– Sic est,[94] именно так! – добавил Шалкович.
– И все согласно закону и обычаю, – подытожил Каптолович.
– Но едва рана у вас затянулась, – продолжал судья, – пожалуйте вам, новая пакость! Незадолго до святого Георгия гричанские женщины, Ела Бедековичева и Бара Харамиина, стирали белье у Топличского ручья. Кругом было тихо, но вдруг откуда ни возьмись выскочил слуга Грегорианца Андрия Колкович со своими разбойниками и набросился на женщин…
– Satis,[95] довольно! Содом и гоморра! – перекрестился Шалкович.

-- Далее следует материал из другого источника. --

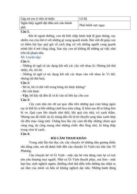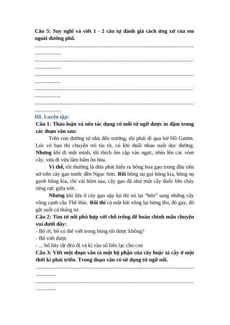 Câu 5: Suy nghĩ và viết 1 - 2 câu tự đánh giá cách ứng xử của em ngoài đường phố.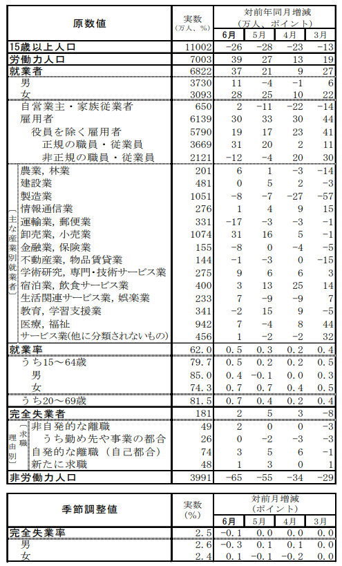 6月労働力調査|就業者数6822万人/卸・小売業の就業者は前年より31万人増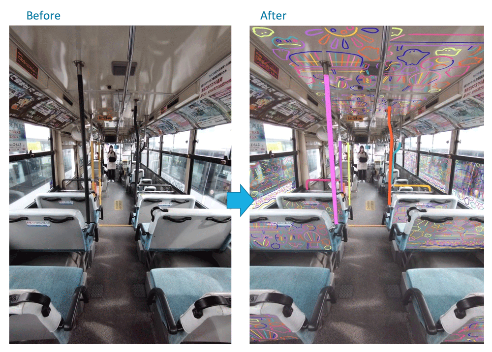図2 バスの内装をイメージできるよう、美大生が提案するデザイン案を提示した。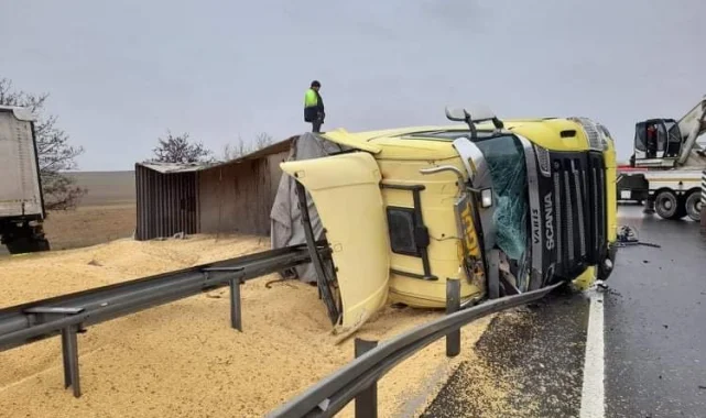 Konya'nın Kulu ilçesinde yağış sonrası kayganlaşan yolda kontrolden çıkan yeşil mercimek yüklü tır, bariyerlere çarptıktan sonra refüje devrildi. Kazada sürücü hafif yaralanırken, mercimekler yola saçıldı.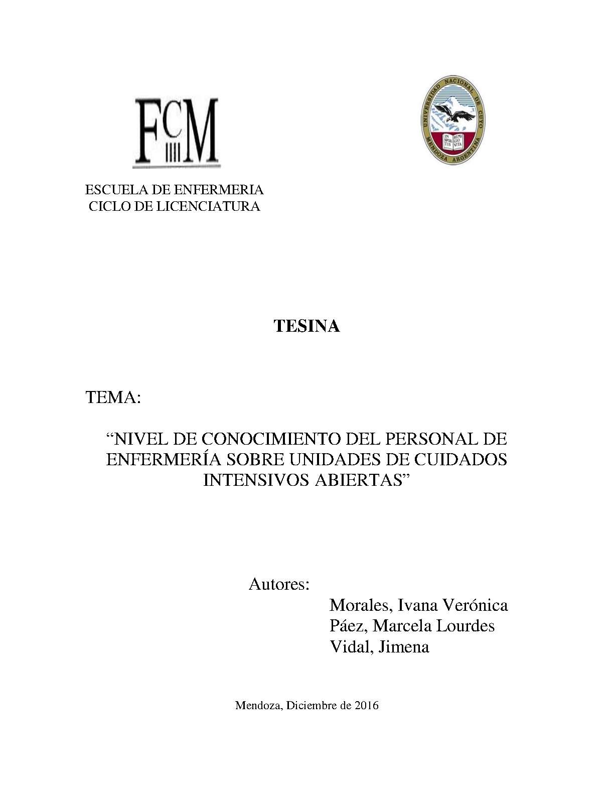 En las Unidades de Cuidados Intensivos Abiertas el trato es más humanizado, el familiar acompaña en forma continua a su ser querido y ayuda a que la recuperación sea más rápida o a estar en los últimos momentos de la vida del mismo. De esta manera el familiar se convierte en una ayuda para el personal de salud y no un estorbo. El personal de enfermería que trabaja en Unidades de Cuidados Intensivos (UCI) en general no está acostumbrado a tratar en todo momento con el familiar del paciente internado y trabaja solo con éste, ya que le resulta más fácil la atención del mismo. Cuando nacieron las primeras UCI, la familia era considerada como un componente poco relevante del entorno del paciente. Hoy en día se considera como una parte importante de ese entorno, entendiéndose que los familiares pueden contribuir de forma significativa a la consecución de una buena evolución del proceso de enfermedad, de modo que reducir los niveles de estrés de los familiares podría incidir en una mejora de los resultados del paciente. Este trabajo de investigación tiene como objetivo conocer cuáles son los conocimientos que posee el enfermero que trabaja en la UCI del Hospital Santa Isabel de Hungría de la provincia de Mendoza, sobre Unidades de Cuidados Intensivos Abiertas, durante el primer semestre de 2016. La población y muestra fue de 40 enfermeros de dicho servicio, los que respondieron una encuesta estructurada con respuestas cerradas.

– Нет, не довольно, – продолжал судья. – Когда женщины подняли крик, что они пожалуются господину подбану, эти антихристы, злобно расхохотавшись, сказали, что пусть, дескать, жалуются на здоровье, господар им наказал колотить загребских скотов, не щадя и женщин, да еще и награду пообещал!

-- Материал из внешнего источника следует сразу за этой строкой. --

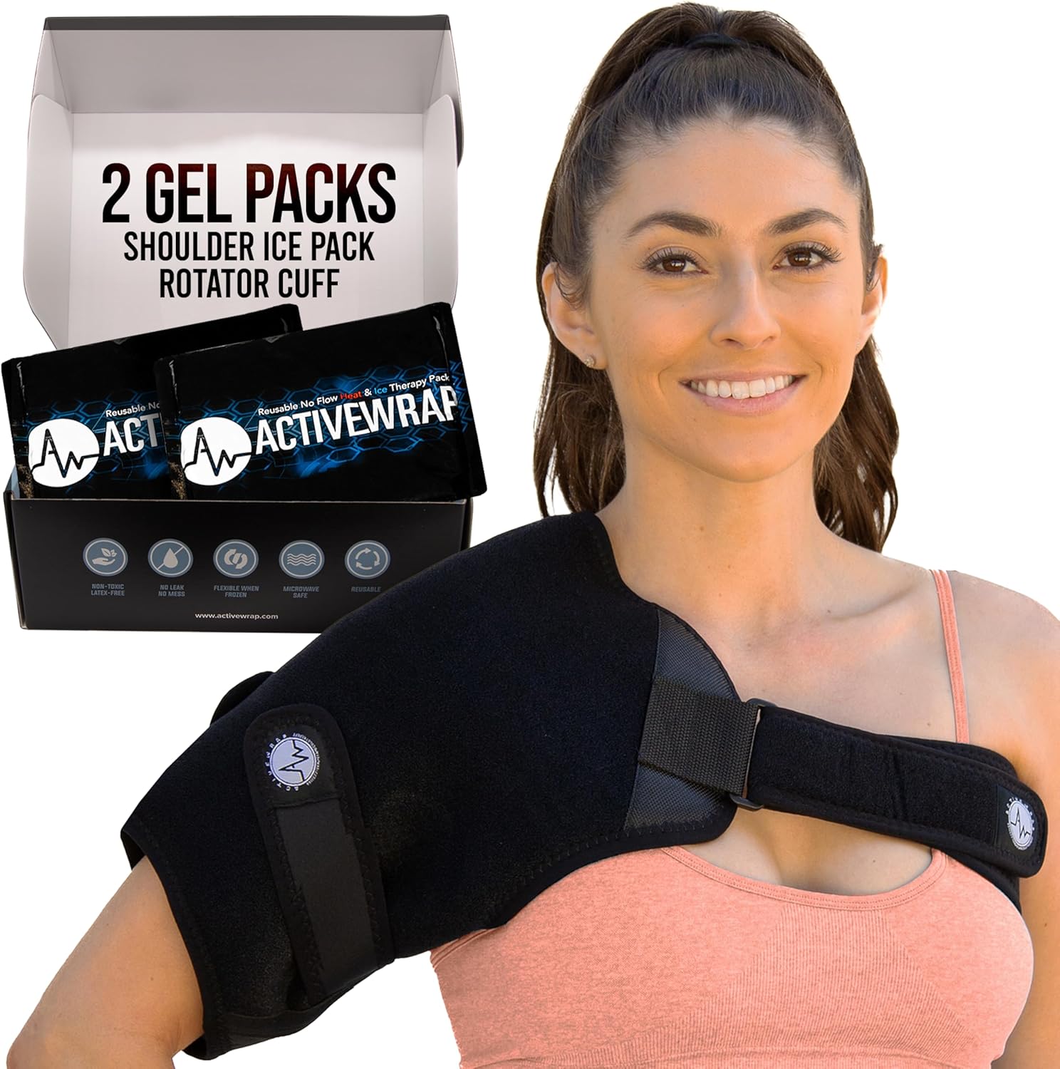 ActiveWrap Shoulder Ice Pack Wrap, With 2 Reusable Heat & Ice Packs for Shoulder Pain Relief, Rotator Cuff Cold Therapy, Adjustable Compression Straps, Post-surgery Must-have, Small/Medium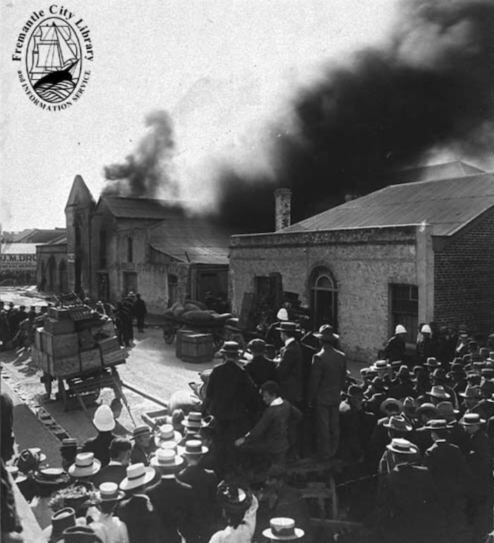 Fremantle Library photo ref. no. 715, showing the 1901 fire. 'A crowd watching a fire at the Eureka Flour Mill in Nairn Street near Pakenham Street. A dray is loaded with crates and another with sacks. J.M. Drummond's store can be seen in the background' [in Pakenham Street].

– Скоты мы, значит, скоты! – И Каптолович схватил капеллана за руку. – Вы только подумайте, ваше преподобие, мы скоты!
– Храни нас господь! – промолвил тот, крестясь.
– Но и это еще не все, – продолжал судья, – обедня продолжается. Слуги Грегорианца у Кралева брода раздели догола горожанина Мию Крамара, и бедняге пришлось сидеть под дождем в кустах до вечера, чтобы прокрасться домой.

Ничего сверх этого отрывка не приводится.